### WORK REQUIRED
The range runs from the line containing "Buttons on the" through the last line of the material below; retype it exactly, leaving out the pictures.

### THE INPUT
══════
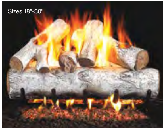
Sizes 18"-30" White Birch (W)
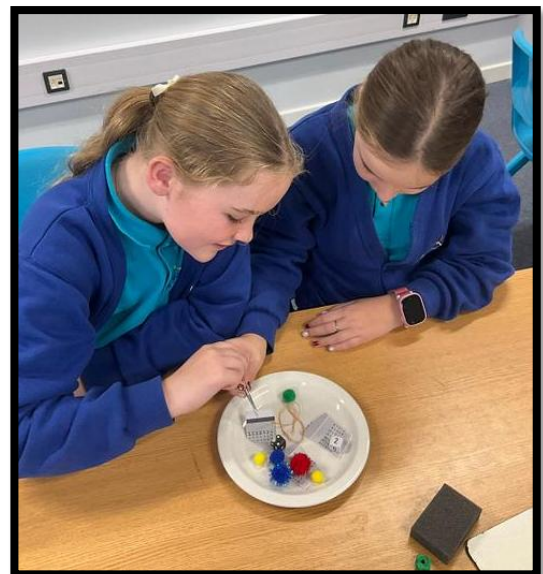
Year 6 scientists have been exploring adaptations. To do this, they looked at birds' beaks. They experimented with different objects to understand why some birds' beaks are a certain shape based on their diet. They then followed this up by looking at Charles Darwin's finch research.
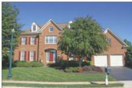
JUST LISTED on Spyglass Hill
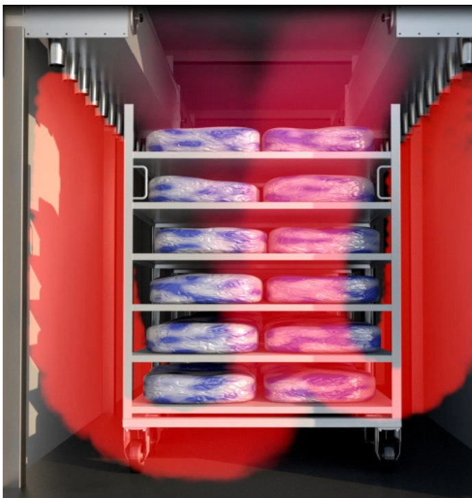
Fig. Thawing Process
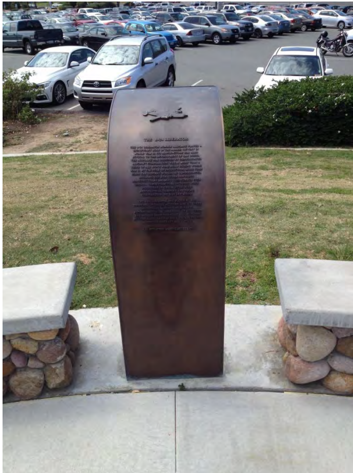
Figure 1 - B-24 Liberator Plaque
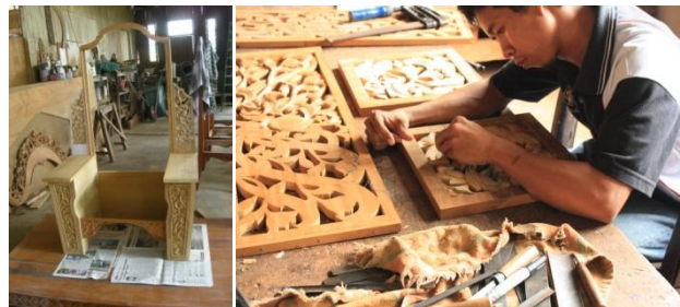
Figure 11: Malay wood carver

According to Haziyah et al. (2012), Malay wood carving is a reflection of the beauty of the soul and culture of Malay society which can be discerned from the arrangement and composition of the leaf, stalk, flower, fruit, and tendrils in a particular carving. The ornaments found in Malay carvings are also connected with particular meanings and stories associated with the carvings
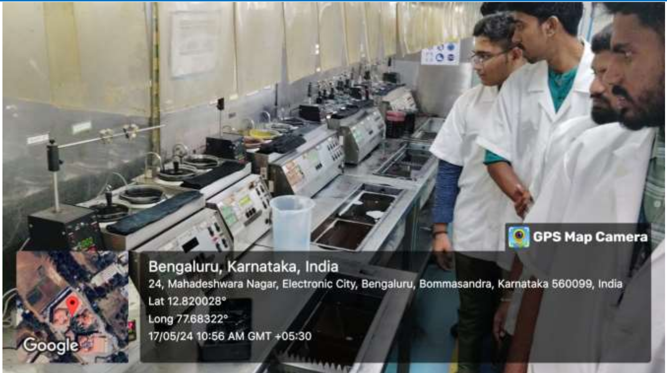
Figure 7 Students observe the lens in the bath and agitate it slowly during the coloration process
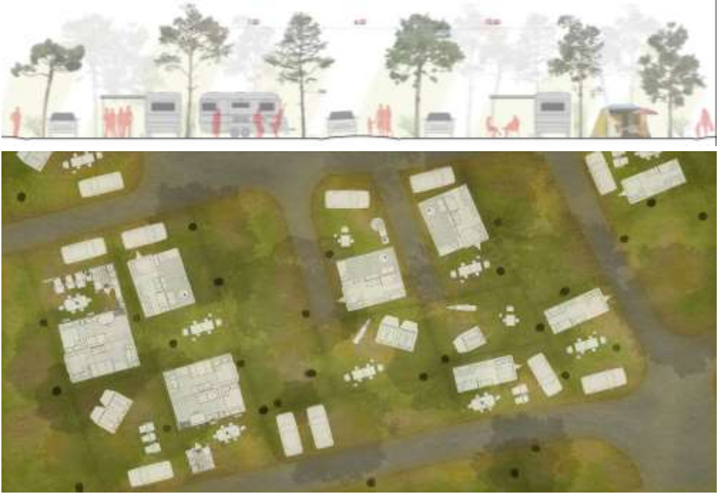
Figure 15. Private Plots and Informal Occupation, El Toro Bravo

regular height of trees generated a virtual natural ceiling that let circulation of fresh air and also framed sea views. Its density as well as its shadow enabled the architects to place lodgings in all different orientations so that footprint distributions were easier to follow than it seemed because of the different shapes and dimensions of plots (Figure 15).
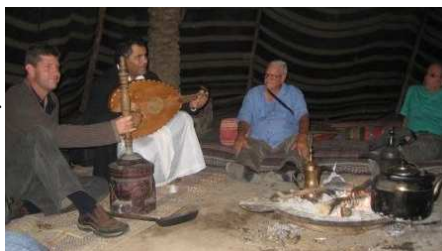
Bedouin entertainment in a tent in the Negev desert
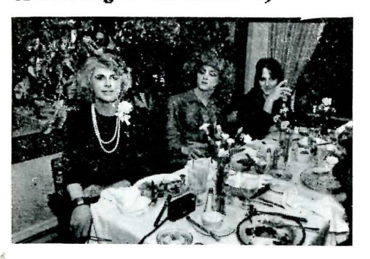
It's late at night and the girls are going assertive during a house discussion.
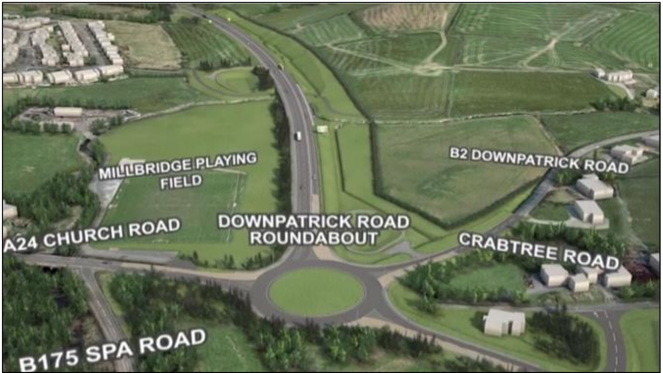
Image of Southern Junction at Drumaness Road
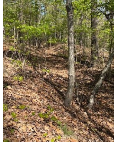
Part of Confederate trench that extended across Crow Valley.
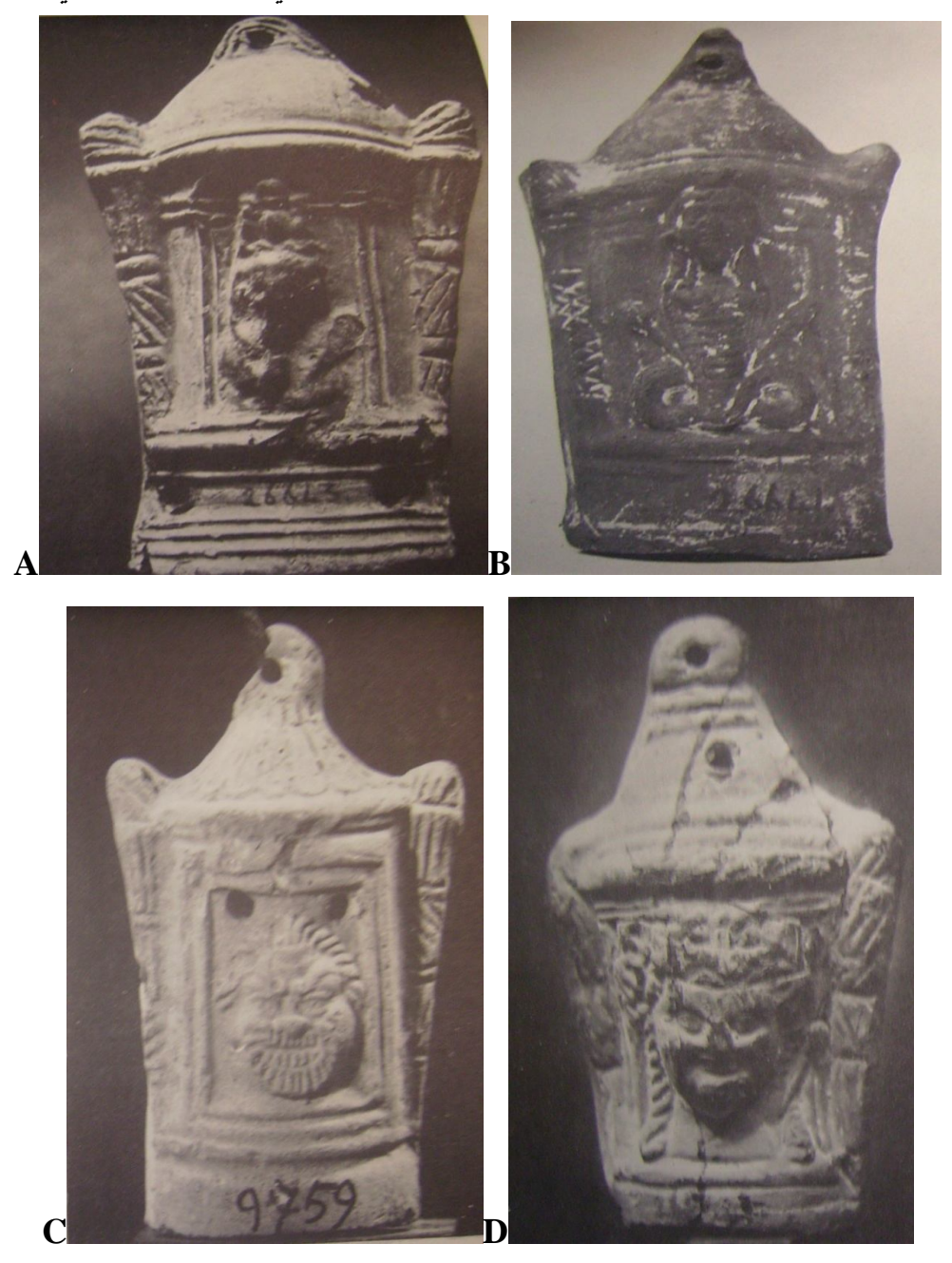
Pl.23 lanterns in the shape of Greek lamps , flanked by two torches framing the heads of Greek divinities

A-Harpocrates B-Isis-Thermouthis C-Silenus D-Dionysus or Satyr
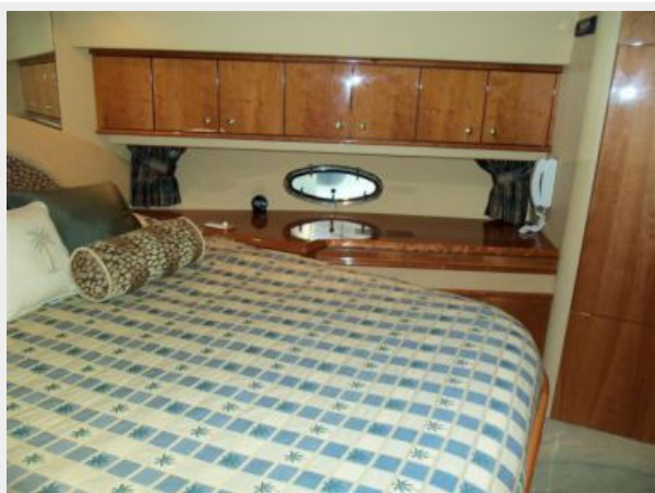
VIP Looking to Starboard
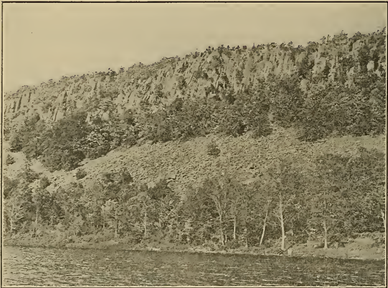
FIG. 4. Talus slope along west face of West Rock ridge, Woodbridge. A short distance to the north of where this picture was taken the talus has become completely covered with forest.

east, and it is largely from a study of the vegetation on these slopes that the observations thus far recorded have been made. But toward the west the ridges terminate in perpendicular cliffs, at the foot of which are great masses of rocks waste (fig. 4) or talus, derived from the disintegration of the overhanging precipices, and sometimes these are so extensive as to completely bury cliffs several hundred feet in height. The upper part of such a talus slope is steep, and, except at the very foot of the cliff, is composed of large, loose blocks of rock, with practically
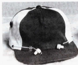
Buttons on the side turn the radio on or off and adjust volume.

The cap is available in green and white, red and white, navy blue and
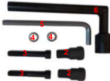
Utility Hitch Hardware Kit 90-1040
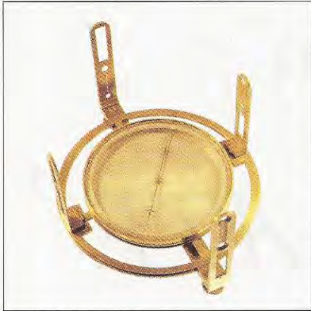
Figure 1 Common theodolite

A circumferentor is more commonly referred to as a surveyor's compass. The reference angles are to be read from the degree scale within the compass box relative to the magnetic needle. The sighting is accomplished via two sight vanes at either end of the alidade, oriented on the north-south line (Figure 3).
══════
### SOLUTION
Buttons on the side turn the radio on or off and adjust volume.

The cap is available in green and white, red and white, navy blue and
Utility Hitch Hardware Kit 90-1040
Figure 1 Common theodolite

A circumferentor is more commonly referred to as a surveyor's compass. The reference angles are to be read from the degree scale within the compass box relative to the magnetic needle. The sighting is accomplished via two sight vanes at either end of the alidade, oriented on the north-south line (Figure 3).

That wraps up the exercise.